The CK domain present in numerous metazoan proteins interacts with a variety of targets, namely with the TFPD ectodomains of the TGFβ superfamily of receptors [1, 3, 4, 12], co-receptor Cripto-1 [42] that also regulates canonical WNT signaling [43], some GPCRs [25, 44, 45], α-helical GFRα3 [39], and the low-density lipoprotein-receptor gene family LRP5, LRP6, and LRP4 [46, 47] that links Dickkopf1 and USAG1 (Wise protein) with WNT and BMP signaling pathways [43, 48]. The CK domains of the TGFβ factors bind to diverse extracellular proteins such as the eight TGFβ antagonists (Table 1) and other antagonists, namely follistatin-like 1 and follistatin-related gene (FLRG, follistatin-like 3) [49], Noggin, and bone morphogenetic protein and activin membrane-bound inhibitor (BAMBI) [50], Twisted gastrulation [51], and VWC repeats of the chordin-like proteins, e.g., Ventroptin (NP_001137453, also know as Neuralin) [3]. It is likely that this list is far from complete since the CK motif may be also present in the Sco-spondin family of proteins [52] and in many proteins whose functions remain unknown (Cys_Motif in the supplemental data). Sequence attributes-based fine clustering of protein sequences followed with quantification of AA substitutions in a given subgroup within a multigene superfamily of functionally related proteins could be useful for the detection of the residues that are crucial for the fold and its interaction with biologically relevant targets. The I _e graphs derived from the MSAs of functionally related factors of the TGFβs and the ectodomains of their principal receptors show that some of the sequence positions are highly conserved (Figs. S3 and S4 in the supplemental data).

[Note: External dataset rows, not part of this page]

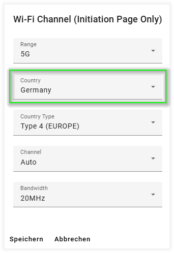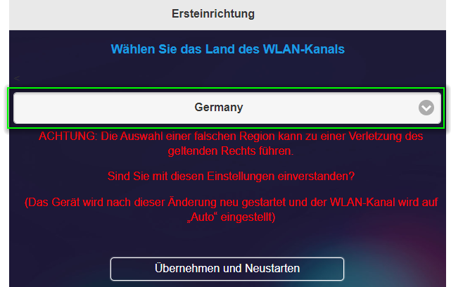 When logging in for the first time via the device’s web settings, the country for the Wi-Fi channel must be selected: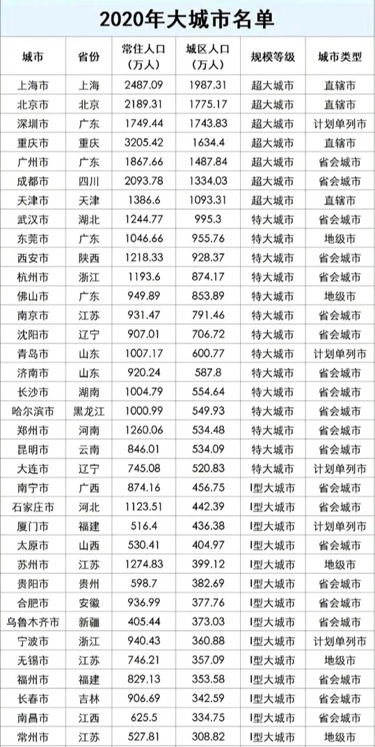 根据国务院于2014年下发的《关于调整城市规模划分标准的通知》,城区常住人口1000万以上的城市为超大城市,城区常住人口500万以上1000万以下的城市为特大城市,城区常住人口300万以上为I型大城市。图为2020年城区常住人口300万以上的大城市。(图片来源:网络)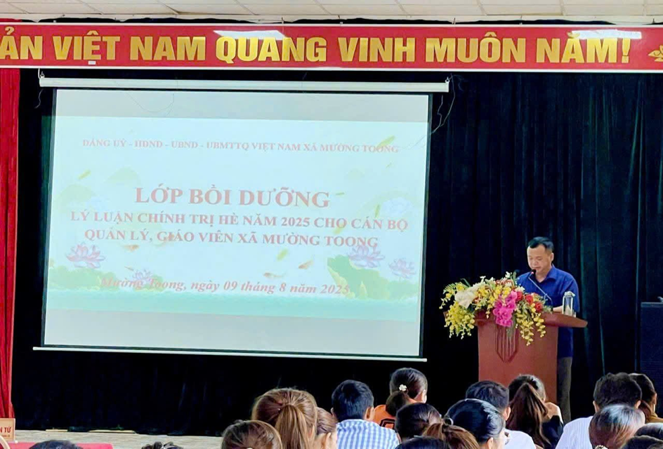 Nhằm nâng cao nhận thức chính trị, cập nhật thông tin thời sự và củng cố năng lực công tác cho đội ngũ làm công tác giáo dục, trong 2 ngày 9 – 10 tháng 8 năm 2025, UBND xã Mường Toong đã khai mạc lớp bồi dưỡng, tập huấn chính trị hè năm 2025 dành cho cán bộ quản lý, giáo viên và nhân viên đang công tác tại các trường học trên địa bàn.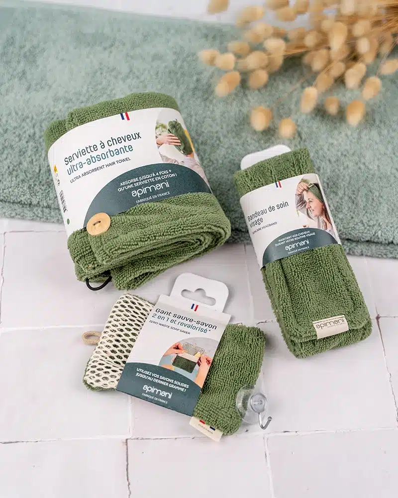 Ce joli coffret combine trois essentiels textiles pour une routine de soin skincare pratique, douce, complète et fabriqués en France à partir de viscose de bambou revalorisée. Disponible en cinq coloris assortis, ce coffret skincare comprend également une ventouse crochet blanche pratique pour suspendre et faire sécher le gant après chaque utilisation.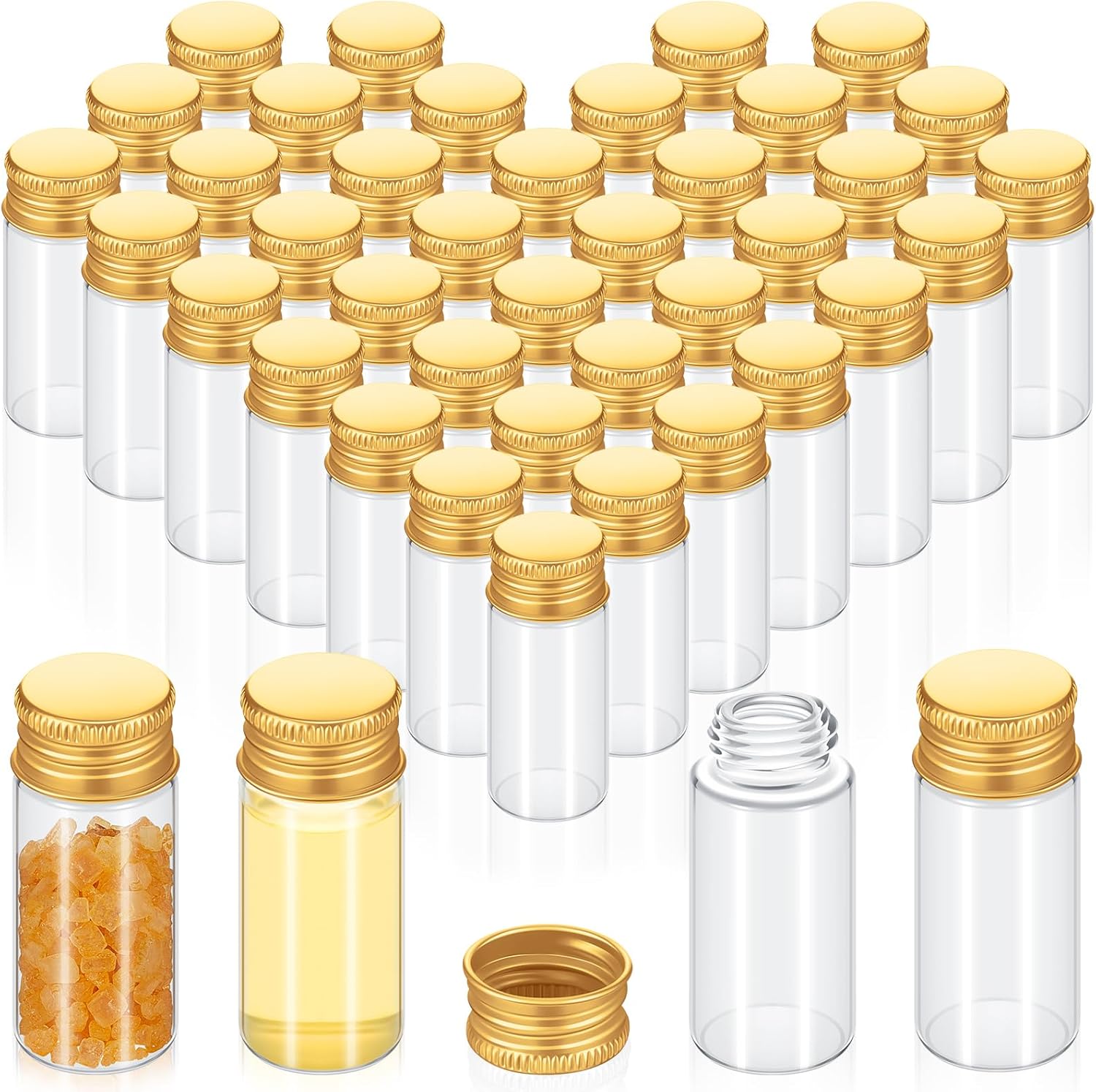 100 Pcs Small Clear Vials Spice Mini Jars with Lids Mini Glass Bottles with Screw Aluminum Metal Caps Tiny Jars Sample Containers for Powder Cream Cosmetic Jewelry Wedding(10 ml,Gold Caps)

Several different folds consist of β-structure-rich fingers that are tightened up by distinct Cys–Cys networks. For example, Interleukin-17 (Il-17; NP_443104) has its spatial arrangement of fingers similar to that of the archetypal CK domain, but the fingers are tightened up by only two SS bonds at the ‘heel’ of the molecule (1JPY.pdb) while there is no third SS bond that would pass through the macro-cycle formed by the two SS bridges (Fig. S9A in the supplemental data). This implies that the key element of the CK domain is missing in the Il-17 fold [53]. Even if several other groups of proteins contain fingered structures that are rich in β-strands, such as Dickkopf1 (Dkk1) (Fig. S9B in the supplemental data) [54] or the Argos protein [55], but all those folds are stabilized by distinct spatial configurations of SS networks. Moreover, intramolecular interaction patterns are different in these three folds than in the CK and TFPD folds. So far, only one intriguing structural similarity between the agglutinin fold and that of the TFPD fold of a snake neurotoxin has been discussed [56].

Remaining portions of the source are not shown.